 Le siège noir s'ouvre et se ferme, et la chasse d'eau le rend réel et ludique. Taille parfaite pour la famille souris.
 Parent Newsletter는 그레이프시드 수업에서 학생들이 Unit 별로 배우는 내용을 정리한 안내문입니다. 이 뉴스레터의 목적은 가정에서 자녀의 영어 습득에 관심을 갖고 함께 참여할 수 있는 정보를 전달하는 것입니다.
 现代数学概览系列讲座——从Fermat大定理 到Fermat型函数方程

* * *

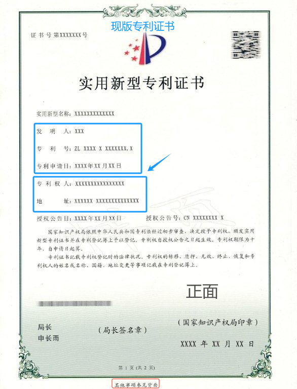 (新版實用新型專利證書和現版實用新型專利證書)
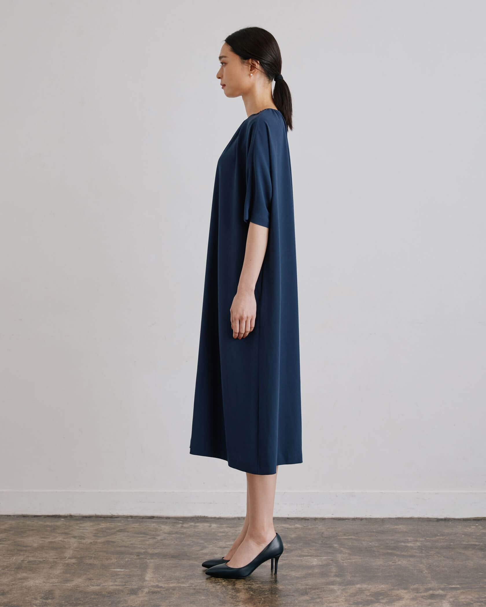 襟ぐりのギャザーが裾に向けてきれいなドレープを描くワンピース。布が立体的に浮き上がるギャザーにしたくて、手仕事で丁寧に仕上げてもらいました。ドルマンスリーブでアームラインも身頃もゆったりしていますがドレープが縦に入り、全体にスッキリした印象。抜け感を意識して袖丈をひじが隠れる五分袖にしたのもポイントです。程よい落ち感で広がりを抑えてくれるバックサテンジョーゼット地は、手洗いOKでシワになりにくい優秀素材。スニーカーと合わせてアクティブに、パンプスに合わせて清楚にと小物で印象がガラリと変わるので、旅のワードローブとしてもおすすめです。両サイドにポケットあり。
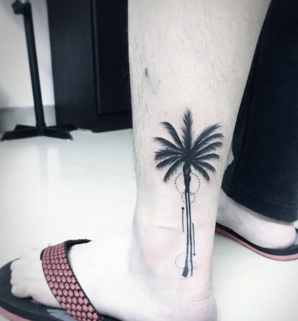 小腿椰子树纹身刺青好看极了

* * *

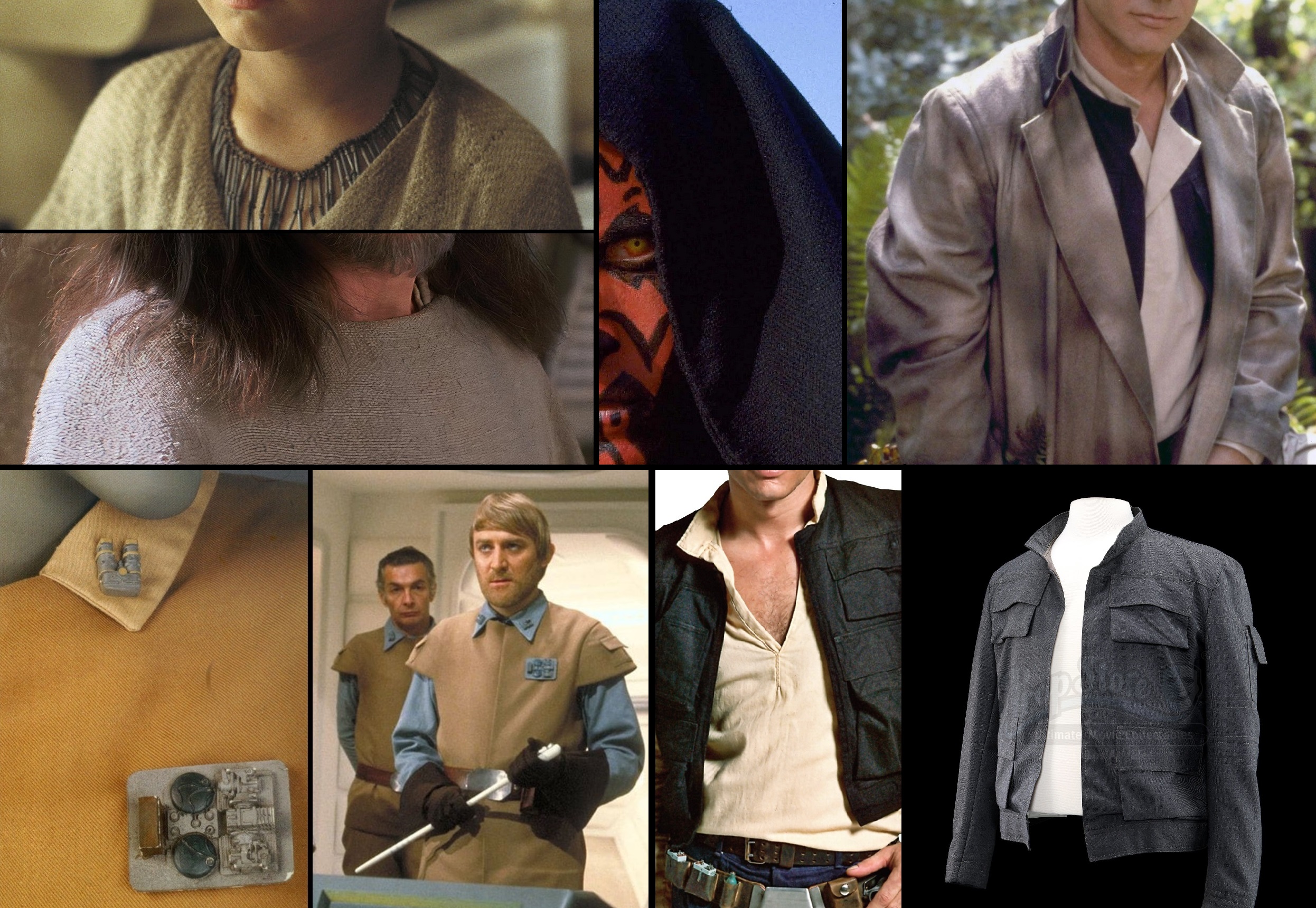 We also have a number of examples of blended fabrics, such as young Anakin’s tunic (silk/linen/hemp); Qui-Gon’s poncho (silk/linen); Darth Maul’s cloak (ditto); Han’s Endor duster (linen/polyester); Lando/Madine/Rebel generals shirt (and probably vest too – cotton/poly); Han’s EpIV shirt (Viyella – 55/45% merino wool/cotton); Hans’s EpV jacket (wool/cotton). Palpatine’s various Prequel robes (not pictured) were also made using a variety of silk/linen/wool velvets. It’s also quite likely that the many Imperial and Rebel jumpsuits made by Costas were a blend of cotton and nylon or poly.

## Activity:
Above are some records; extract exactly the lines from the one containing "(新版實用新型專利證書和現版實用新型專利證書)" through the one containing "小腿椰子树纹身刺青好看极了" and drop the pictures.

## Task response:
 (新版實用新型專利證書和現版實用新型專利證書)
 襟ぐりのギャザーが裾に向けてきれいなドレープを描くワンピース。布が立体的に浮き上がるギャザーにしたくて、手仕事で丁寧に仕上げてもらいました。ドルマンスリーブでアームラインも身頃もゆったりしていますがドレープが縦に入り、全体にスッキリした印象。抜け感を意識して袖丈をひじが隠れる五分袖にしたのもポイントです。程よい落ち感で広がりを抑えてくれるバックサテンジョーゼット地は、手洗いOKでシワになりにくい優秀素材。スニーカーと合わせてアクティブに、パンプスに合わせて清楚にと小物で印象がガラリと変わるので、旅のワードローブとしてもおすすめです。両サイドにポケットあり。
 小腿椰子树纹身刺青好看极了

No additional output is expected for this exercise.